Le Congrès des députés espagnols, dominé par le Partido Popular, vient de donner son feu vert à la célébration des mariages et à l’enregistrement des divorces devant un notaire ou un greffier. Il s’agit d’une simplification majeure, destinée à désengorger les tribunaux submergés par les affaires matrimoniales. Les nouvelles dispositions, si elles sont adoptées par le Sénat, augmenteront encore la facilité avec laquelle les mariages se rompent en Espagne, tout en dévalorisant l’acte du mariage. Et c’est sous une législature supposée « conservatrice » – le PP étant au pouvoir – que ces choses sont décidées, alors que l’Espagne souffre déjà si profondément de la dislocation de l’institution familiale sous le gouvernement socialiste de Zapatero.
Le projet de loi, fortement amendé, vient d’être adopté par la commission de la justice des Cortès par 23 voix (toutes du PP) contre 15, et 2 abstentions. C’est par le jeu d’un amendement du PP que la compétence du greffier pour « célébrer » mariages et divorces a été ajoutée au projet de loi, offrant aux futurs époux ou divorcés le choix d’une procédure gratuite et rapide : devant notaire, ces actes seront payants. Notaires et greffiers rejoignent donc les maires, les chargés du Registre civil et les agents consulaires compétents à l’étranger.
L’Espagne affiche déjà des statistiques désastreuses pour le mariage et le divorce
Quelques maigres garde-fous sont prévus pour le divorce : il ne pourra être enregistré sous ces formes simplifiées dans les cas où il y a des enfants mineurs à charge ou si l’une des parties est frappée d’une incapacité quelconque, et se fera sous le régime du « consentement mutuel ».
L’Espagne est actuellement l’un des pays qui affiche les statistiques de divorce les plus désastreuses du monde : elle tient la cinquième place, avec 61% des mariages qui se terminent par un divorce (derrière la Belgique, 71%, et le Portugal, la Hongrie et la République tchèque, tous au-dessus de 65%). Dans ce triste palmarès les pays européens représentent 9 des 10 nations « championnes » du divorce. La Russie et les Etats-Unis les suivent de près, frôlant les 50%.
En cherchant à banaliser encore davantage l’accès au mariage, en facilitant le divorce, l’Espagne ne fait qu’accentuer les conditions qui sont à la racine de ces tendances mortifères : mortifères parce que la natalité est meilleure parmi les couples mariés et parce que les conséquences néfastes du divorce se paient toujours au niveau de la société.

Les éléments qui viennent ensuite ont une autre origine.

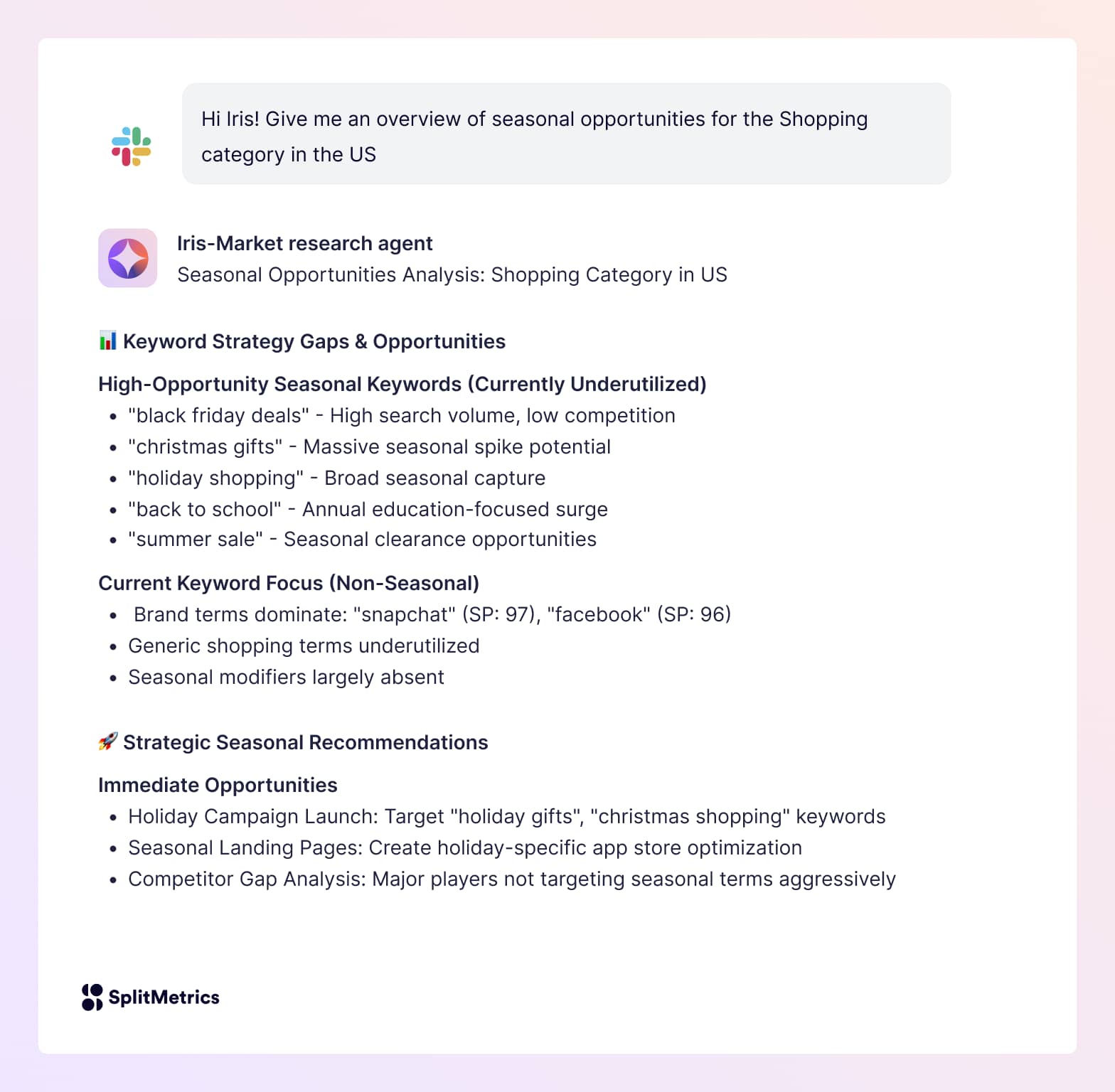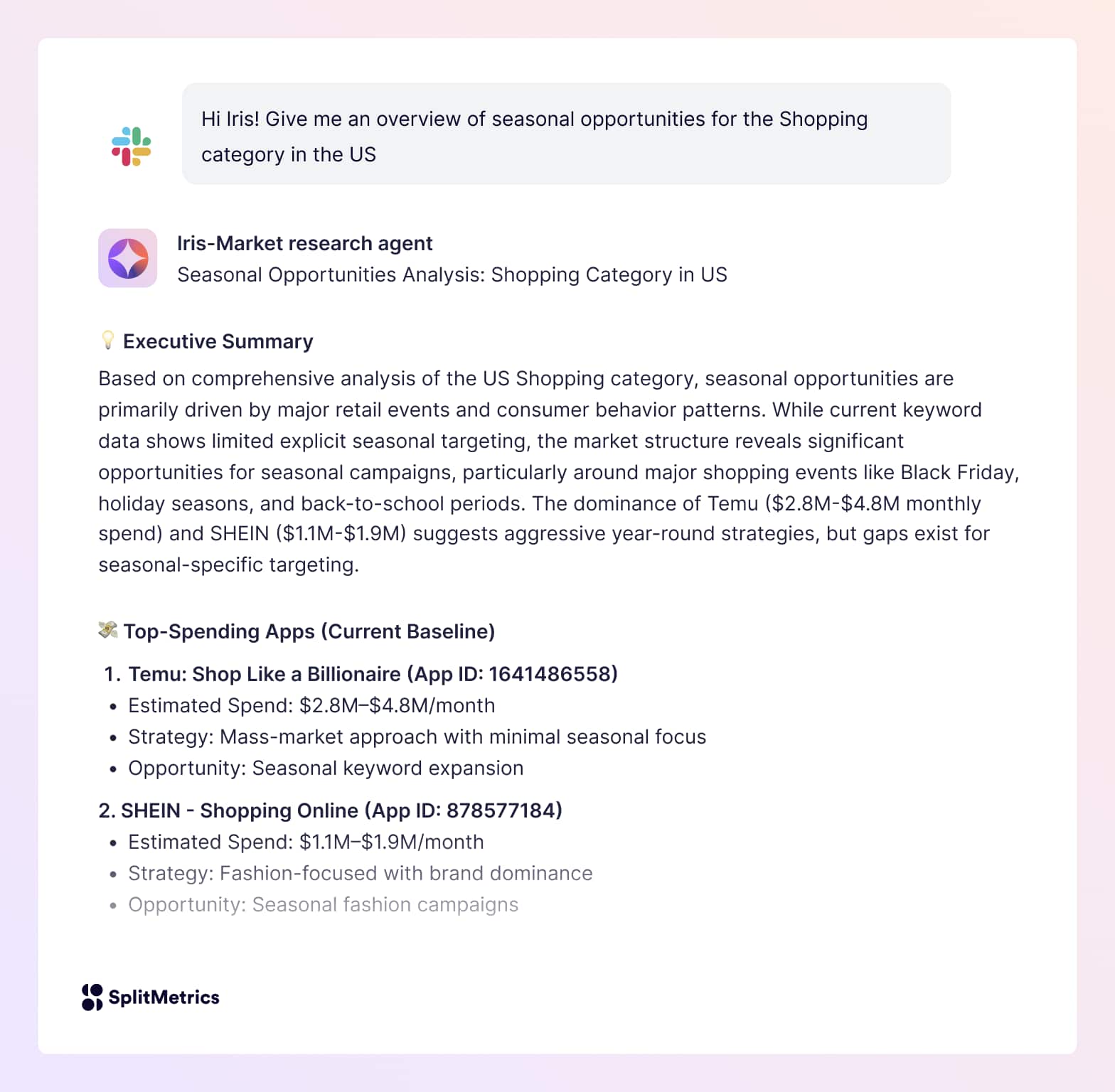 Iris is the first AI Agent purpose-built by SplitMetrics for Apple Ads and app store optimization (ASO). A simple conversation can provide a concise overview of key trends, competitors, and indicate the right direction for follow-up investigation. If you don’t know where to begin, a simple conversation with our Agent will surely move things forward.

Se marier ou divorcer devant le notaire ou le greffier banalise et privatise ces actes
Mais c’est de fait la société qui est exclue du processus : si le mariage se fait devant notaire, il devient plus encore qu’à ce jour un acte, un contrat privé entre deux personnes que celles-ci peuvent rompre à volonté. La dimension sociale du mariage est ainsi passée sous silence.
La nouvelle loi prévoit également de faire passer l’âge minimal pour le mariage de 14 à 16 ans.
Elle vise aussi à donner des effets civils aux mariages religieux à quatre religions supplémentaires (c’est déjà le cas pour les catholiques, les juifs et les musulmans) : bouddhistes, orthodoxes, mormons et témoins de Jéhovah pourront désormais bénéficier de cette dispositions, malgré des régimes matrimoniaux forts différents pour certains. Il est vrai que les catholiques, qui s’engagent à la fidélité, à l’accueil des enfants et à la monogamie pour la vie sont loin d’être exemplaires, comme le démontrent les statistiques du divorce…
Peut-il en être autrement dans notre monde contemporain ? Le taux du divorce en Amérique latine reste l’un des plus bas du monde, et au Chili, pays resté catholique, il n’est que de 3%.